Something with a bow I tied

All the Christmas gifts are made or bought or delivered or put in the correct reciprocals. Except one. I don’t have anything for James. Why is it such a problem? Something is -stopping- me from just sending him a gift. I made a box. I went through my top drawers and pulled out various odds and ends (metals I’ve won and stray trading cards once collected and little glass things and letters long unread and objects of more or less symbolism) and put them all in a box as a sort of ‘rummage through my things’ and I really thought it was a great gift idea. It’d be giving a part of myself. Something that didn’t just cost money. And he’d like it, really. I guess. But I didn’t send it. I don’t know why. Maybe I’d like to be there to explain it all. Maybe it’s just too sentimental. My mother’s idea was a blue linen man’s shirt of mine. It’d bring out his eyes. It was mine, but it’s not so horribly sentimental as expecting him to appreciate my old junk. But I know he’ll understand the box some day. It’s the idea of not giving him a Christmas gift that’s got me worried. Maybe I should just buy something. Anything. Something with a bow I tied.

Earlier I finalized my shopping for Christmas Eve night at my grandfather’s house at Pier 1 in Savannah. I bought “antique” wire storage baskets and decorative glass gems and water colors with glitter in them. The glitter paint is for my younger half-sister, Emma. The daughter of a dance teacher, she’s just beyond amazing. She lives like a star in her own ballet and is so sweet and lovely and such a girl. Pretty was invented for people like her.

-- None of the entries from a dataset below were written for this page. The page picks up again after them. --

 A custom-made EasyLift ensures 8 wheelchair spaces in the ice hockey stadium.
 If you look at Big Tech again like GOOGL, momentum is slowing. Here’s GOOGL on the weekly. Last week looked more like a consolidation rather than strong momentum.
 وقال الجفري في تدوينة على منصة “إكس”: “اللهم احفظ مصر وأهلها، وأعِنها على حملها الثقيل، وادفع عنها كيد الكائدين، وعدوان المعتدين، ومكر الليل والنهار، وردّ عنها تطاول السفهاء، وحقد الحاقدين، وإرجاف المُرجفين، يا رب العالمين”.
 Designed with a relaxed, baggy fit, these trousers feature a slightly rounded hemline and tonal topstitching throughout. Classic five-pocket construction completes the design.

I was just thinking about the first time Jennifer came to visit me. We went to Atlanta and stayed at the Marriott and Lenox and shopped at the Lenox Square Mall and ate Caesar salad at the hotel restaurant and all that yummy stuff. We didn’t do anything like that this last time. (We went to the Claxton Goodwill store.) What brought this to mind was my mother’s and my plan to head off to the Ritz Carlton for a night if our combined sum of monetary Christmas gifts is enough (shh.. it’s a secret). Fancy hotels are the closest thing to paradise on earth. I’m not kidding. There is -nothing- better than a great hotel. Nothing.

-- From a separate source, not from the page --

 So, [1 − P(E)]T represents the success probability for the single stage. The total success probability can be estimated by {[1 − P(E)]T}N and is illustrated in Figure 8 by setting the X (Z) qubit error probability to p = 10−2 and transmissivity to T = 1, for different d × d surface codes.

On the way home from Savannah the child sat the entire length of the ride on the other side of the mirror. She didn’t look straight at me as if this were the usual thing. A blur fell about her in such a way that I knew her thoughts were radial. The child sat there thinking hard about thinking. She couldn’t figure out if she’d ever thought before. Was she thinking then? We couldn’t answer her questions so the answers must all be no. I was only in her peripheral, though.

Charity and Emily are coming over tomorrow bearing gifts. I’m excited. I don’t have very many friends at school. Especially not those willing to spend money on me. This is indeed classy.